## To do:
The entries that follow include a run beginning at the line with "Support digestion and" and ending at the line with "Pagade – Classic"; restate that run word for word and leave the rest out.

## Available records:
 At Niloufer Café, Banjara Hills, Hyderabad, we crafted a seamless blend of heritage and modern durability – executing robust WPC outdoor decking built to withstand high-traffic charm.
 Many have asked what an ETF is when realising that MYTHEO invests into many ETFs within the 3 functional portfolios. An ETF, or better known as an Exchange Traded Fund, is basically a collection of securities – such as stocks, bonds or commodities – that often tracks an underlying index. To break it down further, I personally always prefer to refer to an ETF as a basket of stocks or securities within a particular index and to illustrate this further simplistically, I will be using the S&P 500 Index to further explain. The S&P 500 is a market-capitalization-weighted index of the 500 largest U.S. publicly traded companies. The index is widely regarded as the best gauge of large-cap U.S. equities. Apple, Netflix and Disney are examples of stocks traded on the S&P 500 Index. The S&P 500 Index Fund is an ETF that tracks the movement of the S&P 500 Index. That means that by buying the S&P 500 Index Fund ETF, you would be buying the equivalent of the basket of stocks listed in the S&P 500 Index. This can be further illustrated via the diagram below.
* * *
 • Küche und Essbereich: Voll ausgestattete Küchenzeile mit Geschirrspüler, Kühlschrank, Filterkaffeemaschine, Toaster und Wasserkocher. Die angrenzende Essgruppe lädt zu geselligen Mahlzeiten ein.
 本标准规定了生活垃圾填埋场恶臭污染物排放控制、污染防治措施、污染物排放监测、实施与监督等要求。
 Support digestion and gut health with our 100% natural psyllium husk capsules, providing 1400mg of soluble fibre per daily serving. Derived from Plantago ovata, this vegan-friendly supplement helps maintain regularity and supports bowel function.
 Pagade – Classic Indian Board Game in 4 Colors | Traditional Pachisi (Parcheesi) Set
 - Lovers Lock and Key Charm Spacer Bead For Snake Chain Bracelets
---
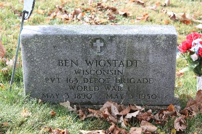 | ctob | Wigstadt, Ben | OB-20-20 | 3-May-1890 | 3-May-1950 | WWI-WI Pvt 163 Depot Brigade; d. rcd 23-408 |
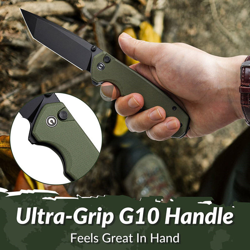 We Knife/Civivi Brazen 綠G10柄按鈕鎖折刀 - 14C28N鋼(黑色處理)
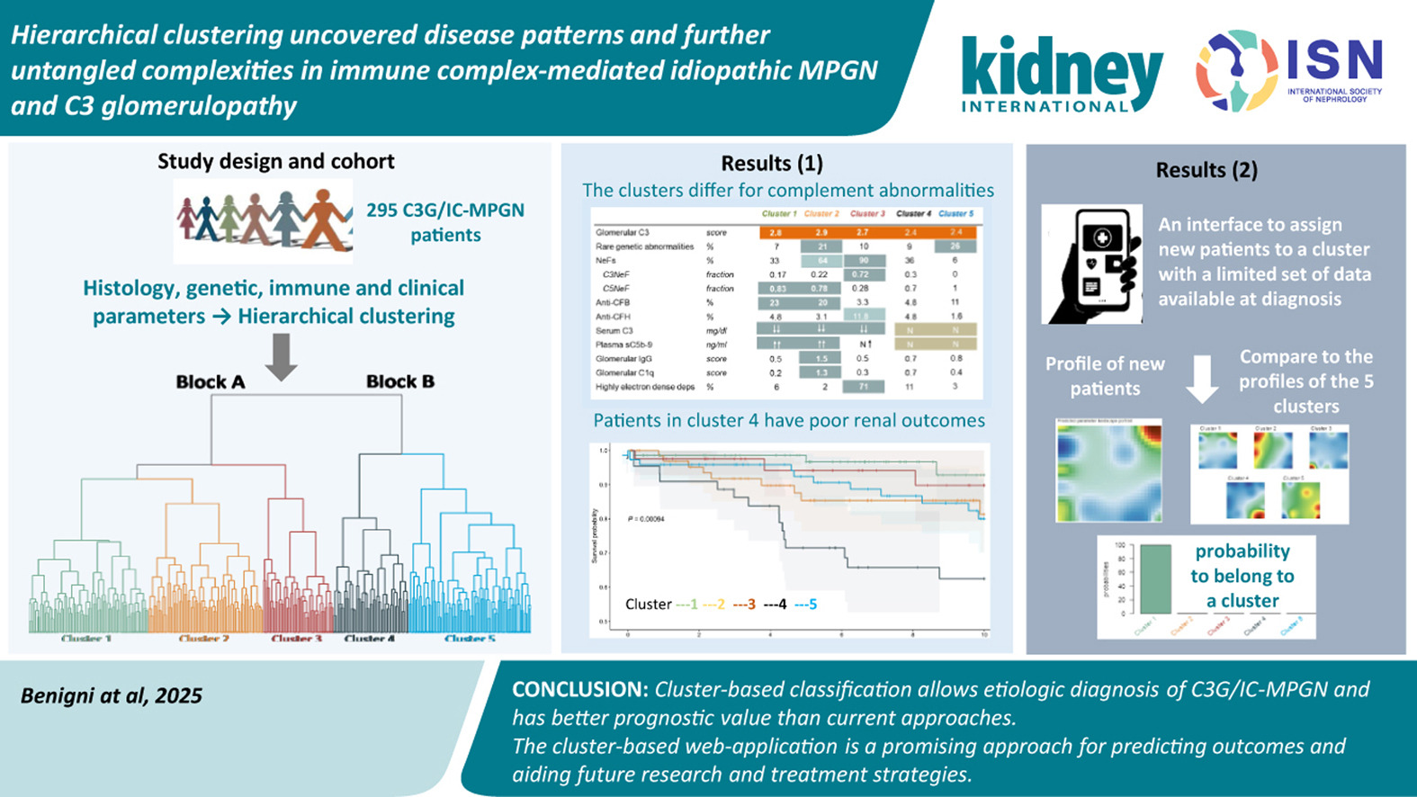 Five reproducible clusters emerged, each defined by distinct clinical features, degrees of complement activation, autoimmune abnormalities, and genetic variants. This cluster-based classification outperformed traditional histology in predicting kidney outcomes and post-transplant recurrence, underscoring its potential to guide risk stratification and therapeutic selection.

## Written answer:
 Support digestion and gut health with our 100% natural psyllium husk capsules, providing 1400mg of soluble fibre per daily serving. Derived from Plantago ovata, this vegan-friendly supplement helps maintain regularity and supports bowel function.
 Pagade – Classic Indian Board Game in 4 Colors | Traditional Pachisi (Parcheesi) Set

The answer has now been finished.